20 % sur un seul mois ! Nous ne demandons pas un geste de charité, mais une compensation réelle à l'inactivité forcée sur près de la moitié de l'année. Le PGE n'est pas une aide, mais un prêt que nous devrons rembourser et qui n'a été octroyé qu'à des entreprises en bonne santé. Et le chômage partiel a heureusement permis de sauver des emplois, mais il a eu un coût pour nous, celui des congés payés sur lesquels rien n'a encore été décidé, malgré nos sollicitations acharnées. Voulez-vous nous faire regretter de ne pas avoir licencié une partie de nos personnels ?

Monsieur le Président de la République, ne sous-estimez pas la colère qui monte et que nous ne pourrons plus longtemps contenir. Nous avons derrière nous toutes les filières qui vivent de notre activité, les agriculteurs, les pêcheurs, les éleveurs, les primeurs, les vignerons, les fleuristes, la blanchisserie, et bien d'autres encore.

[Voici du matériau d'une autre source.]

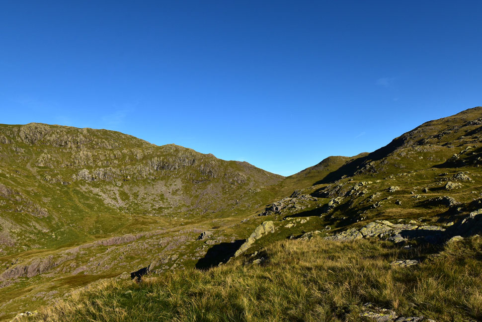 Great How Crags, Swirl How, The Black Sails ridge and the Red Dell Valley from Coppermines. |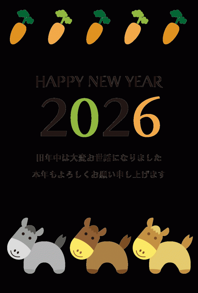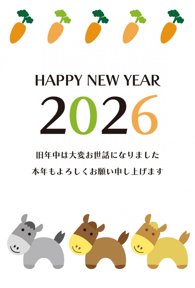 - にんじんと馬のイラストがとてもかわいらしく、子供たちに送る年賀状に使わせていただきます
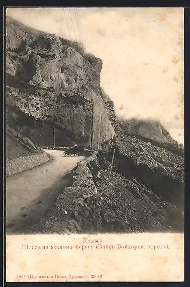 AK Krim, Strasse entlang der Südküste mit Felswand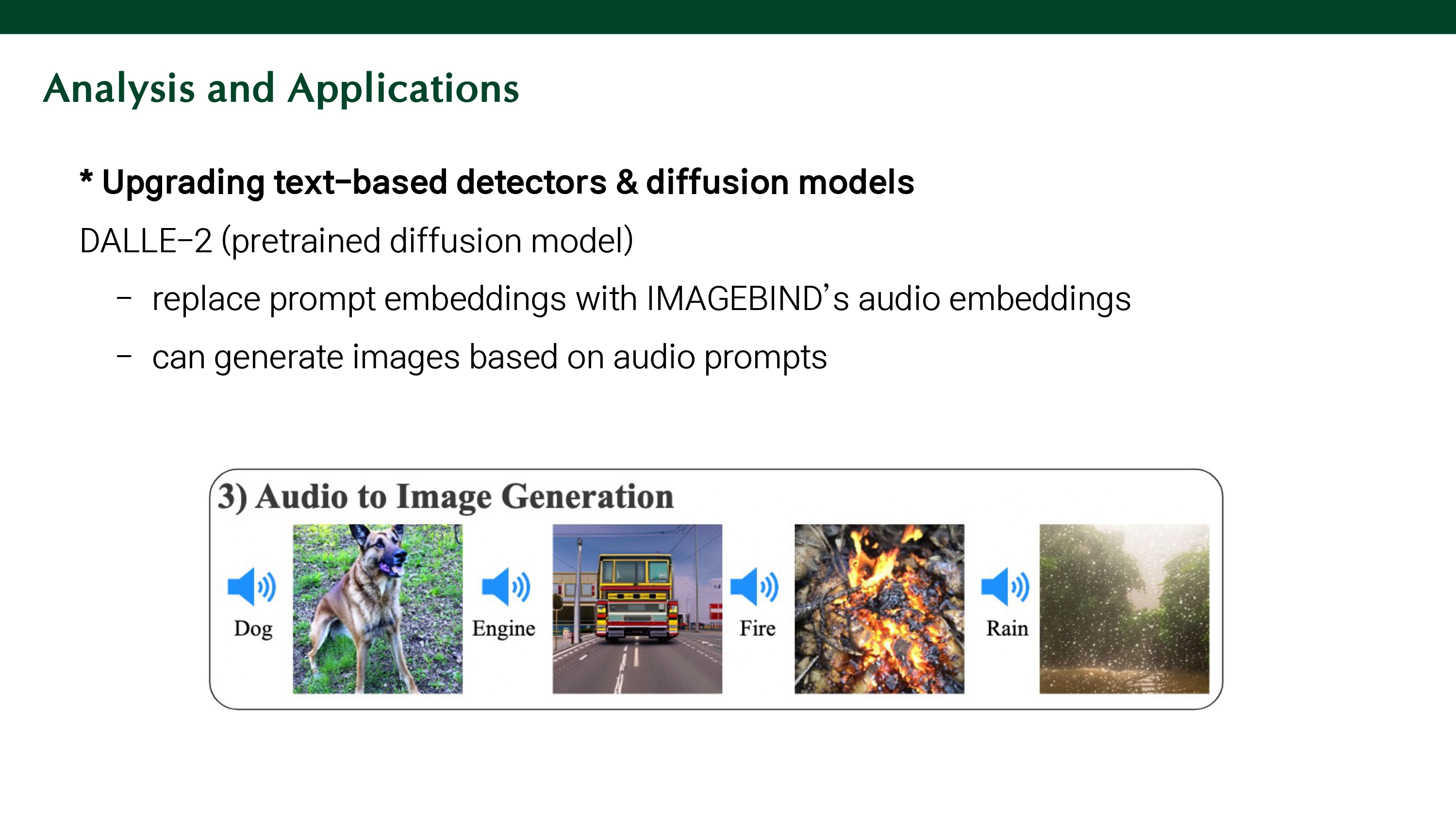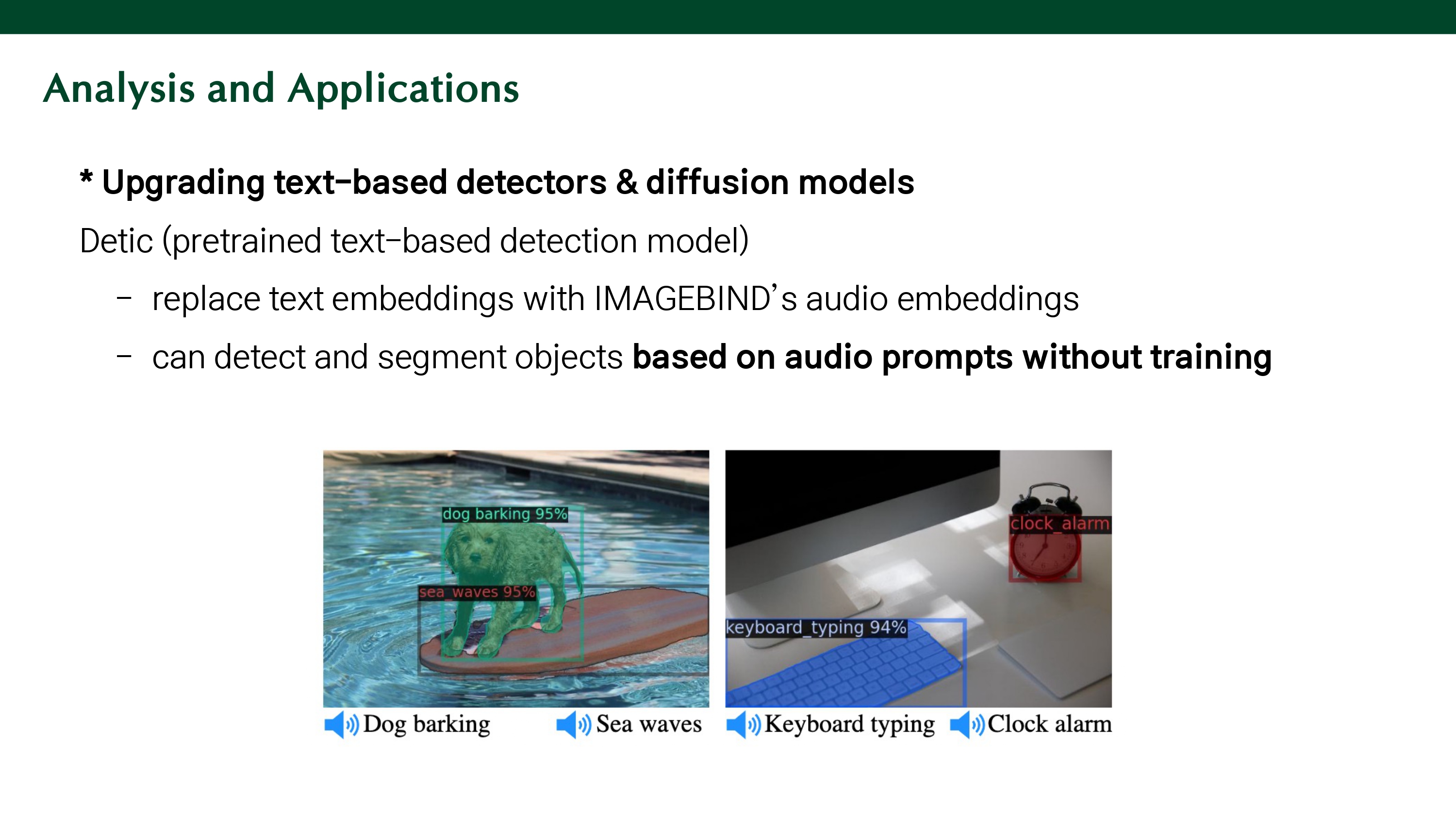 이러한 멀티모달 임베딩을 활용해 기존의 텍스트 기반 모델을 오디오 기반 모델로 확장할 수 있다. pre-trained된 텍스트 기반 detection 모델인 Detic의 텍스트 임베딩을 ImageBind의 오디오 임베딩으로 교체하면 학습 없이도 오디오 기반 detection과 segmentation을 수행할 수 있다. 또한, pre-trained된 DALLE-2 모델의 프롬프트 임베딩을 마찬가지로 ImageBind의 오디오 임베딩으로 교체했을 때 오디오에 기반하여 이미지 생성이 가능하다.
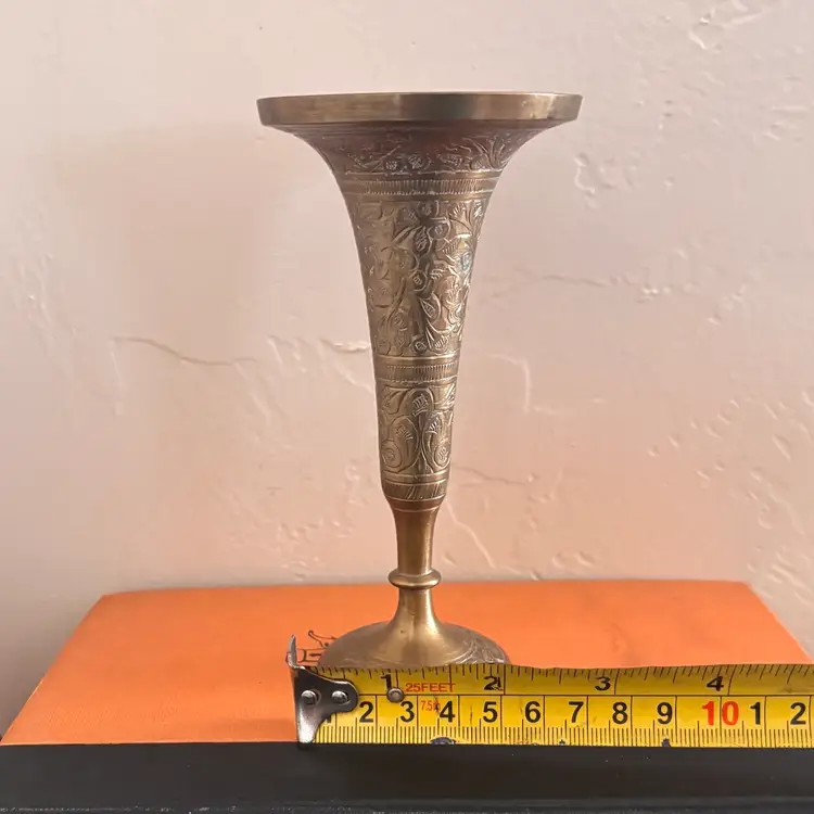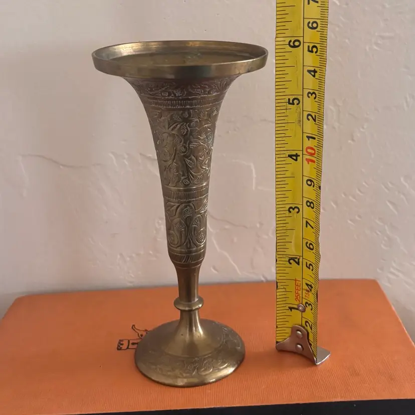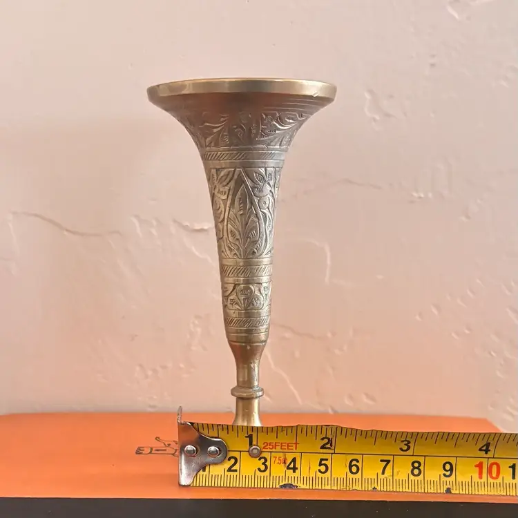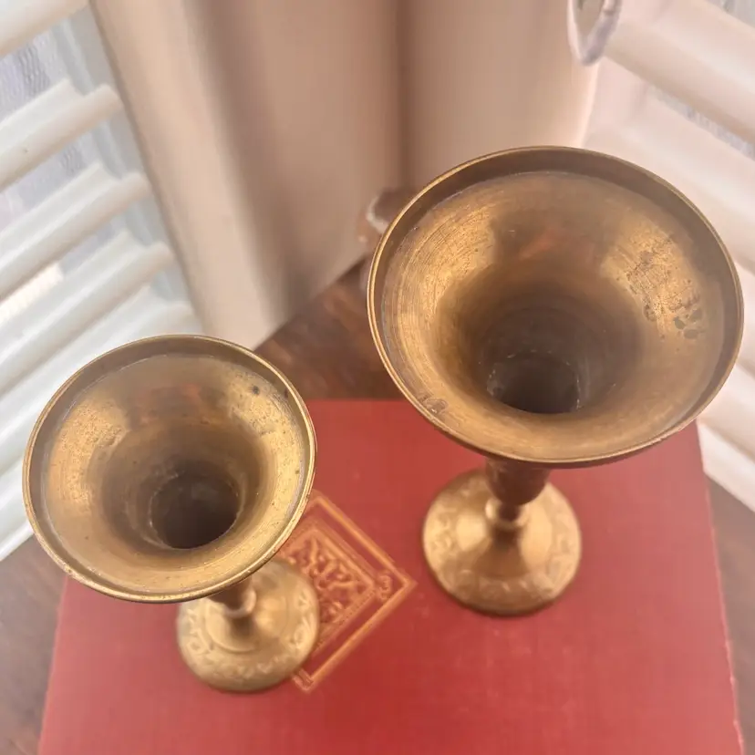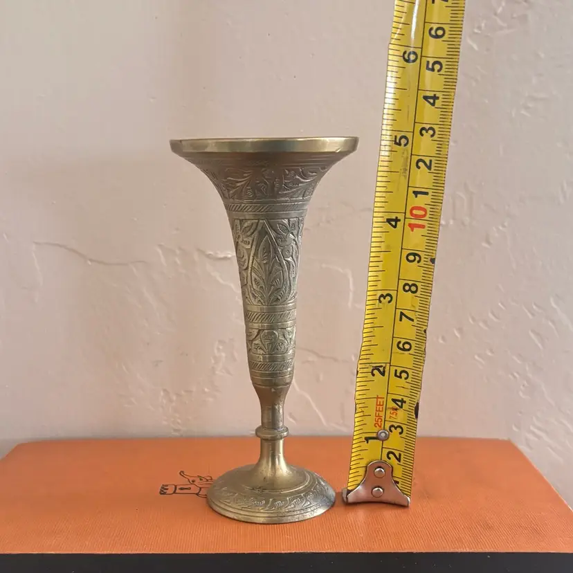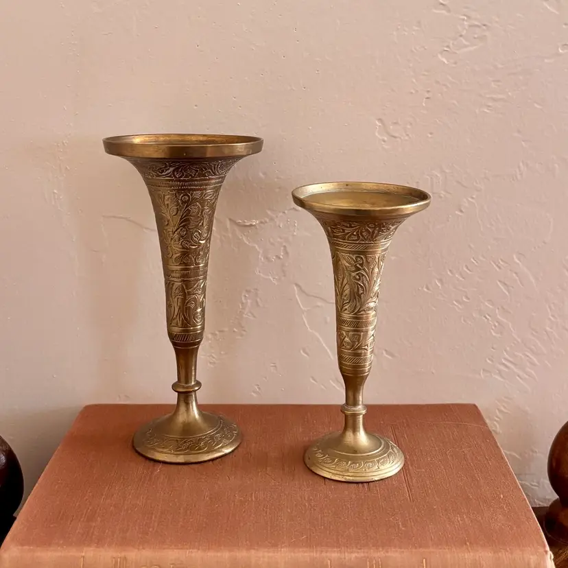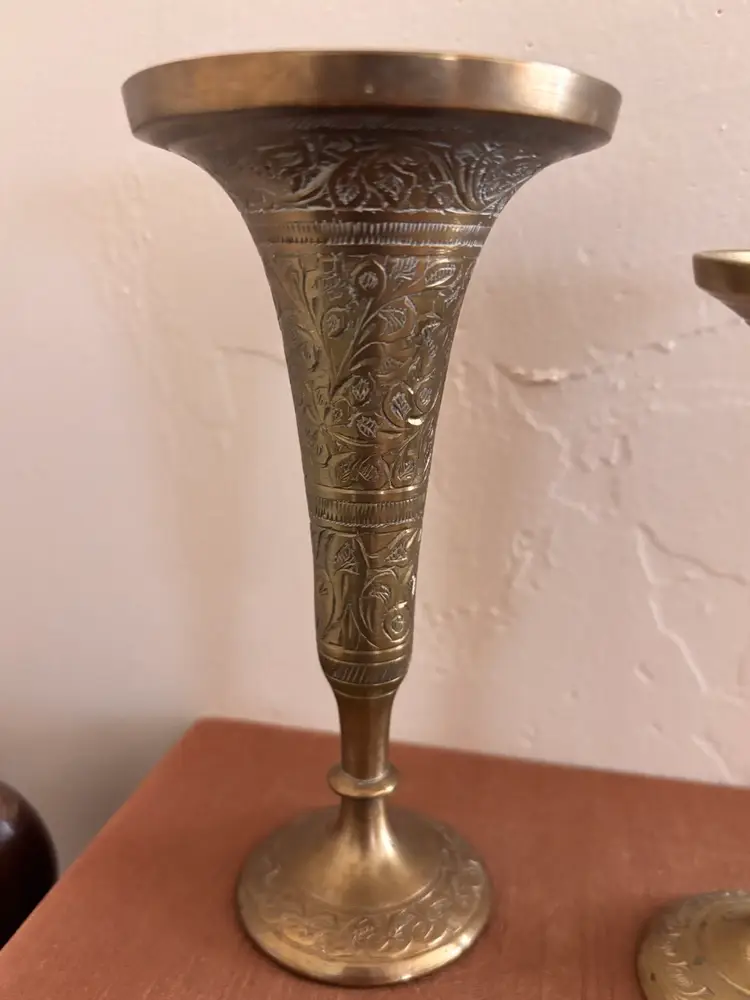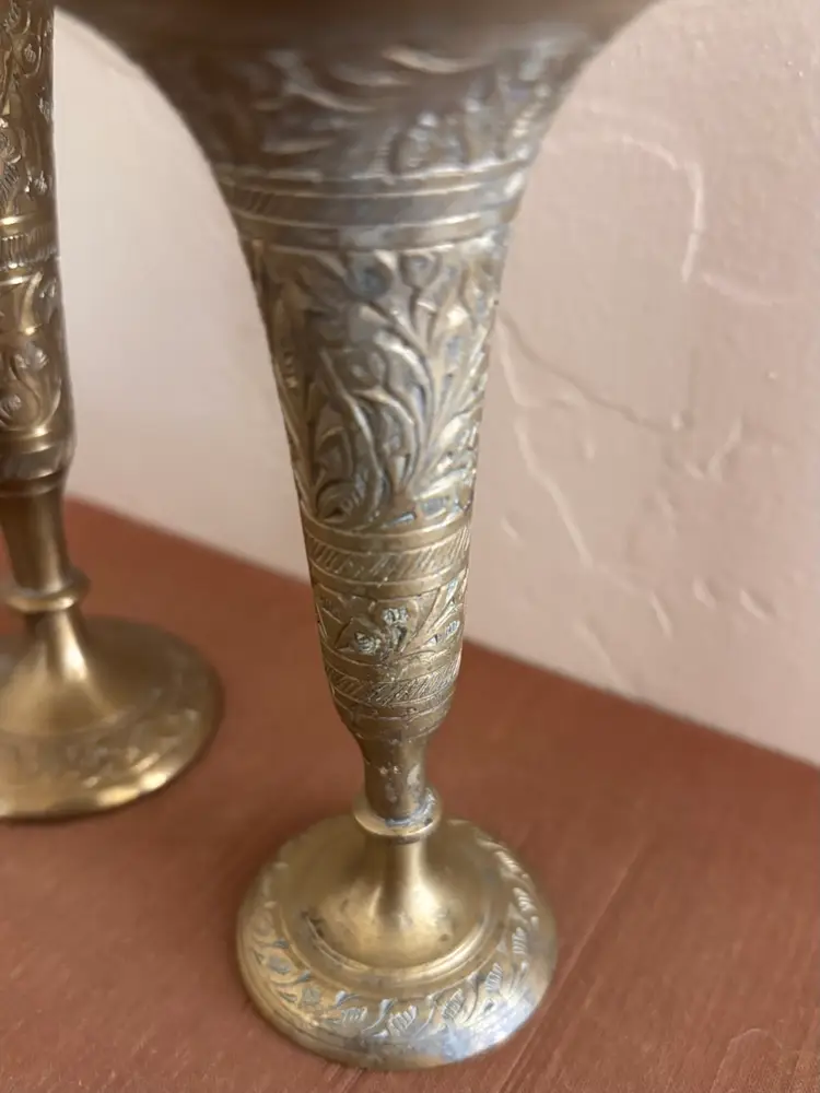 2 Etched floral motif vases 5 & 6”tall Vintage wear and patina as shown, these have not been cleaned and can be shined up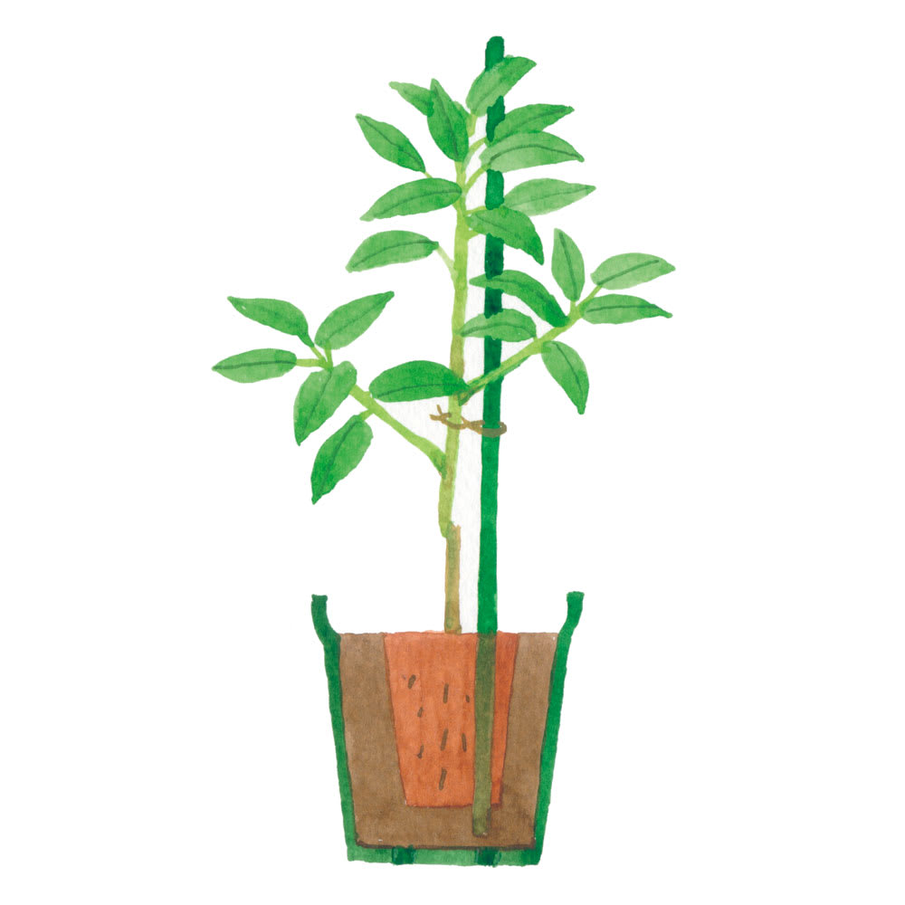 月刊 現代農業2021年11月号 誰でもできる 鉢植えアボカド 第5回 誘引――枝を45度にして生長をコントロール。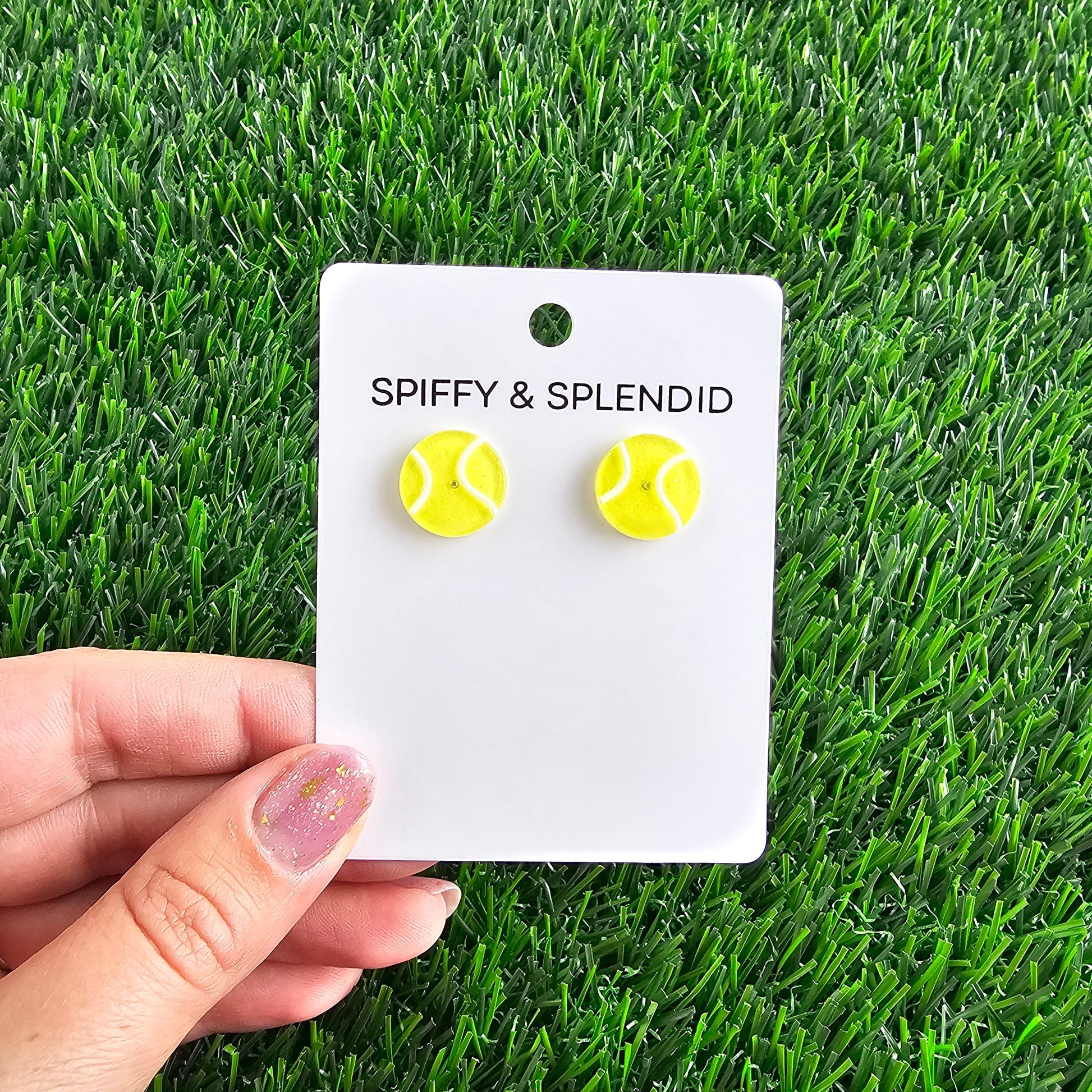 Bring some playful shine to your wardrobe with these Glitter Tennis Ball Studs. Perfect to ace your sporty look, these studs are bound to turn heads with their sparkling touch. Game on, style!

Nous avons derrière nous toute la jeunesse que nous employons très largement et l'apprentissage qui vous est si cher. Nous sommes nombreux, nous sommes désespérés et nous sommes en colère.

Monsieur le Président de la République, voilà plus d'un mois que nous vous avons lancé un appel à l'aide et nous n'avons reçu aucune réponse. Pas même un mot qui aurait marqué votre considération. Vous ne pouvez pas vous afficher avec nous à l'Élysée lorsque les temps sont fastes, et nous ignorer lorsqu'ils sont néfastes. Nous vous demandons solennellement de nous recevoir, avec d'autres solutions que des rideaux de fumée ou des hochets qui ne serviront qu'à retarder notre effondrement.

En espérant que les mots suffiront pour vous convaincre de l'urgence à sortir du silence et des fausses promesses."

 

Cette tribune, publiée dans Le Figaro, est signée par : 

Les chefs : Mathieu Pacaud, Guy Savoy, Yannick Alléno, Olivier Roellinger, Olivier Bertrand, Laurent de Gourcuff, Benjamin Patou, Thierry et Gilbert Costes, Jean-Louis Costes, Stéphanie Le Quellec, Arthur Benzaquen, Laurent Gardinier, Pierre Gagnaire, Julien Dumas, Anne-Sophie Pic, Jean Imbert, Jérôme Tourbier, Christian Le Squer, Éric Frechon, Thierry Bourdoncle.

Et aussi : le Groupement national des indépendants de l'hôtellerie et de la restauration (GNI), le Collectif des restaurateurs unis, le Collectif Restons ouverts, Sébastien Bazin (président d'Accor), Jean-Virgile Crance (président du Groupement national des chaînes hôtelières), Roland Héguy (président de l'Union des métiers et des industries de l'hôtellerie), Didier Chenet (président du Groupement national des indépendants de l'hôtellerie et de la restauration), Hervé Dijols (président du Syndicat national de l'alimentation et de la restauration rapide).